Опасности этого серьезного несовершенства нашего правительственного аппарата до сих пор не получили четкого проявления в нашем опыте; но теперь их запаздывающее воплощение, судя по всему, уже близко. Явная тенденция направлена на централизацию всех важнейших полномочий управления в руках федеральных властей и на практическое подтверждение тех прерогатив верховного владыки, которые Конгресс постепенно себе присваивал. Центральное правительство неуклонно становится все более сильным и активным, а Конгресс самоутверждается как единственная суверенная власть в этом правительстве. В конституционной теории и в более широких чертах прошлой практики наше правительство было тем, что мистер Бэджхот назвал «составным» правительством. Помимо спорящих о суверенитете властей штатов и федеральных властей, внутри самой федеральной системы существовали соперничающие и непримиримые силы. Но постепенно сильные одолевают слабых. Если верить приметам времени, мы стремительно приближаемся к такому устройству суверенитета, которое является столь «простым», сколь это вообще необходимо. Конгресс не только сохраняет уже имеющуюся у него власть, но и будет снова и снова сталкиваться лицом к лицу со все возрастающими требованиями к своей энергии, своей мудрости и своей совести; на него будут возлагаться все более расширяющиеся обязанности и ответственность, не предоставляя ему ни мгновения передышки, чтобы оглянуться назад от плуга, к которому он приложил руку.
Сфера и влияние национального управления и национального законодательства стремительно расширяются.

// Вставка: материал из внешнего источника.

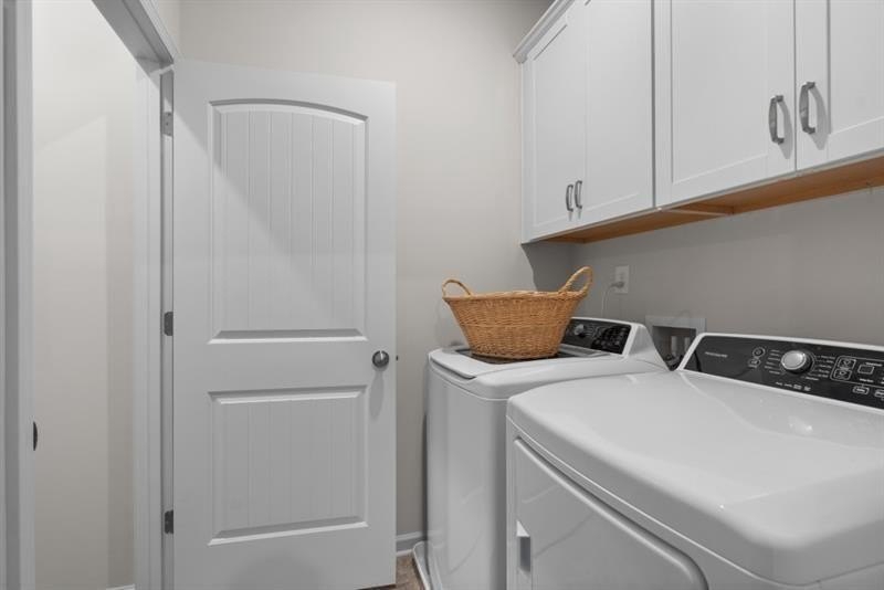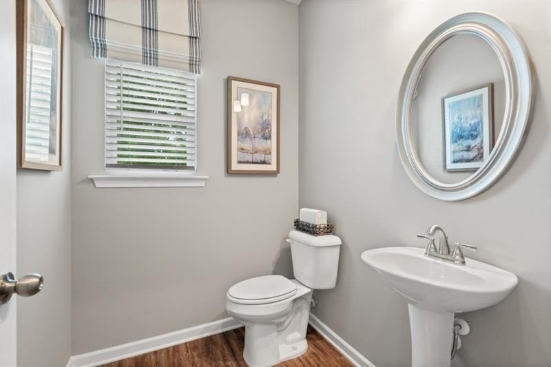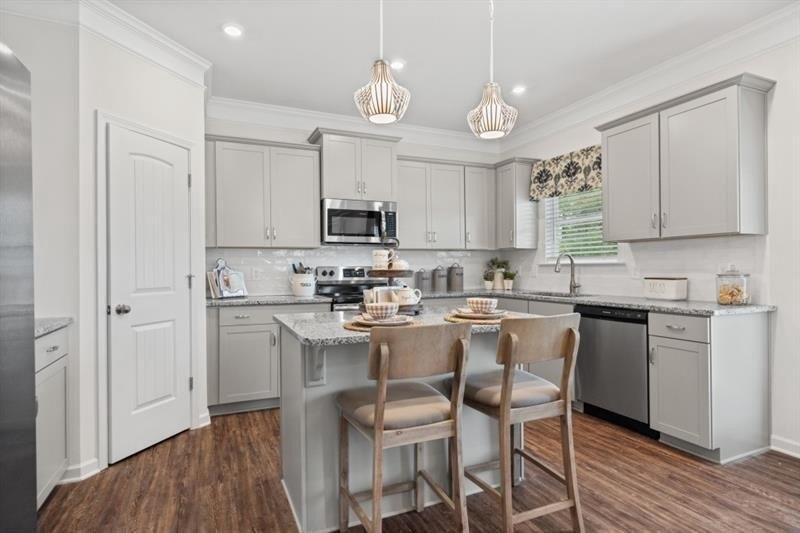 Move-In Ready December! The McGinnis plan by Smith Douglas Homes in Victoria Heights a new construction community in Dallas, GA. . This plan is one of our most sought-after designs— featuring an unfinished basement for future expansion or storage flexibility. This bright, open-concept home seamlessly connects the fireside family room with a sleek linear fireplace, breakfast nook, and island kitchen, creating an inviting space perfect for both everyday living and entertaining. The kitchen showcases granite countertops, upgraded white cabinetry with 42" upper cabinets, pendant lighting over the island, and stainless steel gas appliances.
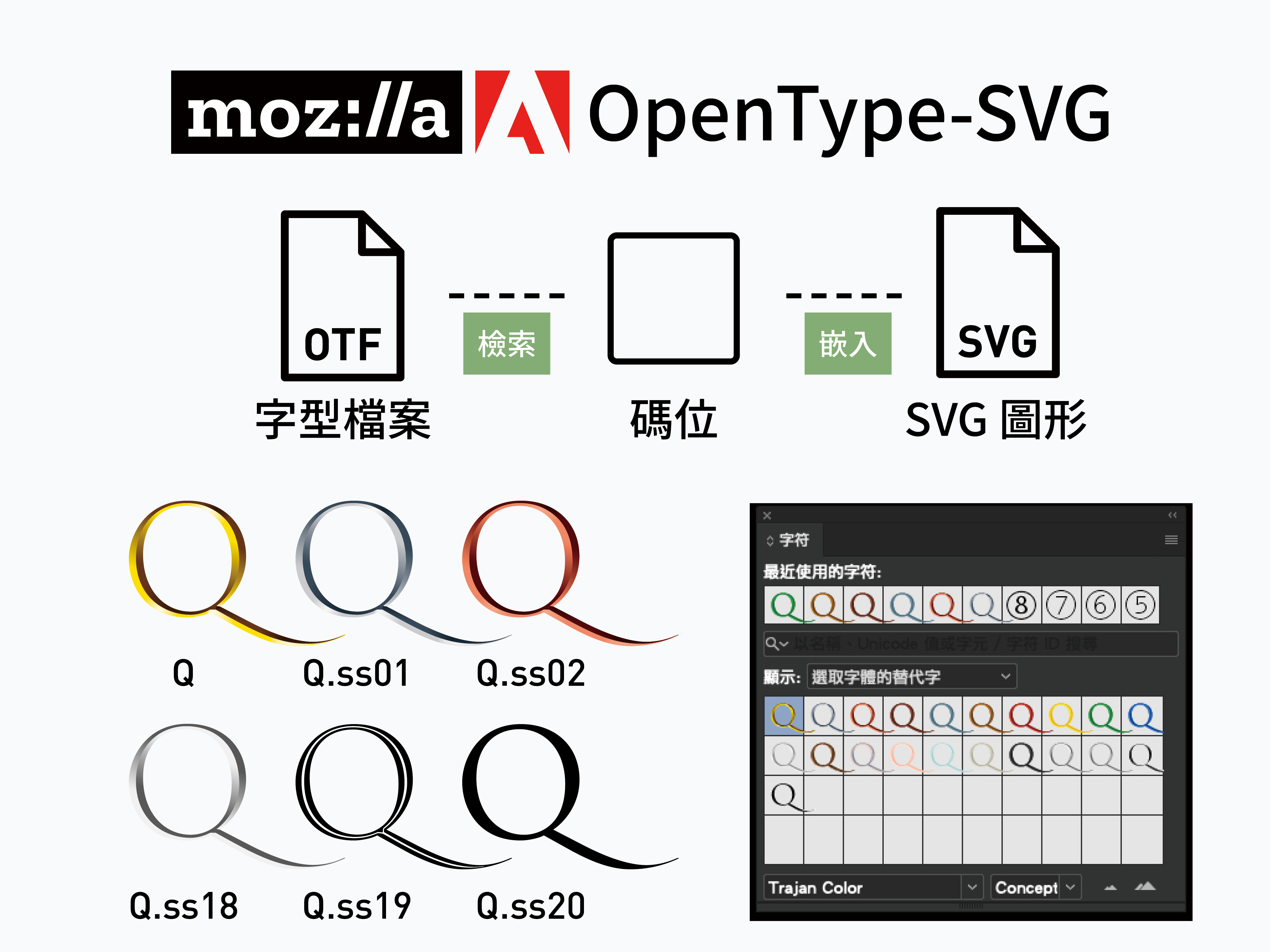 比較可惜的是,即使像是 Firefox 和 Safari 都支援 OpenType-SVG 規格的字型,但目前最主流的 Chrome 已經明確表示不會支援。因此,OpenType-SVG 的彩色字型,例如 Trajan Color,主要還是用在像是 Photoshop 或是 Illustrator 等 Adobe 桌面軟體上。

Наше население растет такими темпами, что дух захватывает при подсчете возможных миллионов людей, которые смогут обрести дом и труд на этом континенте до того, как еще пятьдесят лет исчерпают свой короткий срок. Восток не всегда будет центром национальной жизни. Юг быстро накапливает богатство и еще быстрее возвращает себе влияние. Запад уже достиг величия, которое никто не может отрицать, и хранит в себе потенциал будущего роста, который никто не в состоянии оценить. Будут ли эти регионы гармоничными или расколотыми, зависит почти исключительно от методов и политики федерального правительства. Если это правительство не проявит осторожности, чтобы оставаться в рамках собственной надлежащей сферы, и осмотрительности, чтобы сообразовать свою политику с правилами национального благосостояния, региональные границы неизбежно станут и будут заметны; граждане одной части страны могут смотреть с ревностью и даже с ненавистью на своих сограждан из другой части; и фракционность будет терзать, а раздоры — раздирать страну, которую Провидение хотело бы благословить, но которую человек может проклясть. Управление столь обширной и разнообразной страной должно быть сильным, быстрым, гибким и эффективным. Его сила должна заключаться в определенности и единообразии его целей, в его согласии с национальным настроем, в его решительных действиях и в его честных помыслах. Оно должно укрепляться и одобряться открытым управлением, прилежно повинующимся более устойчивым суждениям общественного мнения; а его единственный активный инструмент — представительные палаты — должен быть оснащен чем-то большим, чем просто изобильные законодательные полномочия.